◆ **The input**:
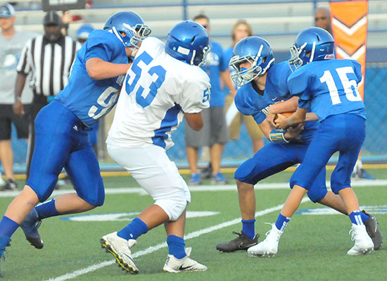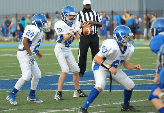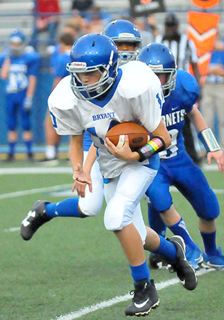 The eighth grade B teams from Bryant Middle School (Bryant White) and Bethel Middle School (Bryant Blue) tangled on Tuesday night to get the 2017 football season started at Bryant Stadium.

* * *

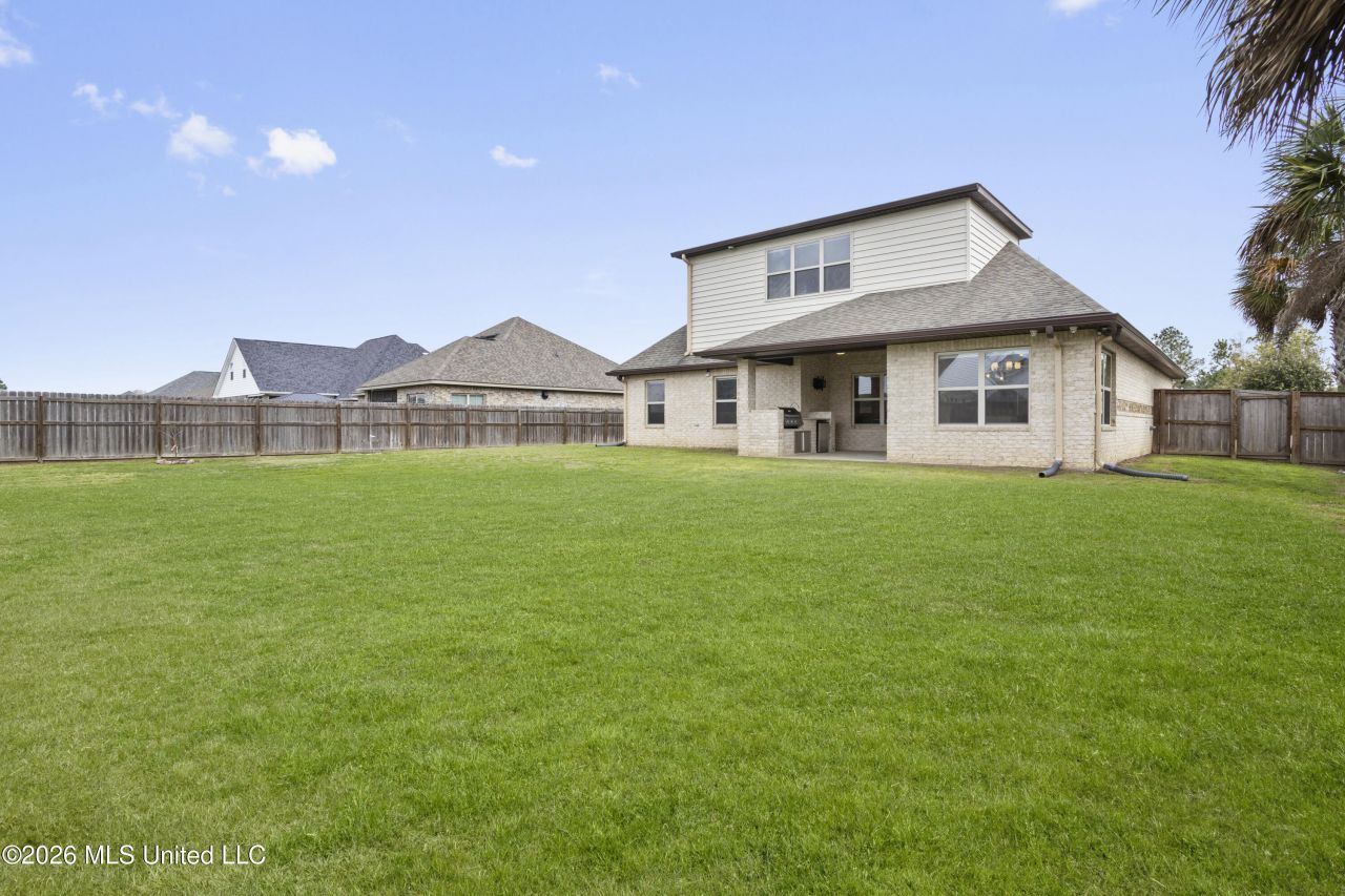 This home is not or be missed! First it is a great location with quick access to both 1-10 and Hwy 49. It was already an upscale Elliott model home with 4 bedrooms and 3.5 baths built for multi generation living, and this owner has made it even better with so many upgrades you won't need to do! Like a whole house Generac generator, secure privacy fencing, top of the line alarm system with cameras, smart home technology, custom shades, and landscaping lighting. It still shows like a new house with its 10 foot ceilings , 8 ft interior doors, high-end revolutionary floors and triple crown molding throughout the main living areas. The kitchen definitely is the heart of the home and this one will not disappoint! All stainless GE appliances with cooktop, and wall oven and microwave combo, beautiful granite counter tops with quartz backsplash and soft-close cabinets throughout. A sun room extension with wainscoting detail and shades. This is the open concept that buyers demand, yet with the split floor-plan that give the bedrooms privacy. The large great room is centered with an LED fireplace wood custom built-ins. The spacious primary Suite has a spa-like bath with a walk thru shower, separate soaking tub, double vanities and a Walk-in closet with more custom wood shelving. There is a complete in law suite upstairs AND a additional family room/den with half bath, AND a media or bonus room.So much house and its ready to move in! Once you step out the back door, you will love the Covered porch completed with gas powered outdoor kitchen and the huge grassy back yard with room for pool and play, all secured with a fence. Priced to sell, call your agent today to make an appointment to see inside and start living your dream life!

==

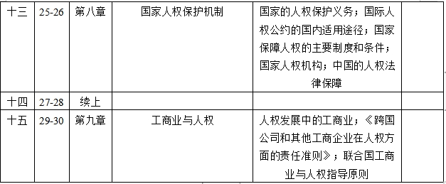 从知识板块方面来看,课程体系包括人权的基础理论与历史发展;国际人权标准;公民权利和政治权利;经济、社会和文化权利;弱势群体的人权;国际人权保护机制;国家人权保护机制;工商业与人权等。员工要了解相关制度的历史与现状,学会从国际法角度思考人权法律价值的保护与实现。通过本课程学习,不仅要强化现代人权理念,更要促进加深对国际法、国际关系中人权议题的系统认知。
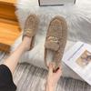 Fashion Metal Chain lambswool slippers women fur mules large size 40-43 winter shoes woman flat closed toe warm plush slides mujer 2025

◆ **Work request**:
Although pictures appear among the records above, none are to be output; print exactly the lines from the line containing "从知识板块方面来看,课程体系" through the line containing "Fashion Metal Chain".

◆ **Solution for this task**:
 从知识板块方面来看,课程体系包括人权的基础理论与历史发展;国际人权标准;公民权利和政治权利;经济、社会和文化权利;弱势群体的人权;国际人权保护机制;国家人权保护机制;工商业与人权等。员工要了解相关制度的历史与现状,学会从国际法角度思考人权法律价值的保护与实现。通过本课程学习,不仅要强化现代人权理念,更要促进加深对国际法、国际关系中人权议题的系统认知。
 Fashion Metal Chain lambswool slippers women fur mules large size 40-43 winter shoes woman flat closed toe warm plush slides mujer 2025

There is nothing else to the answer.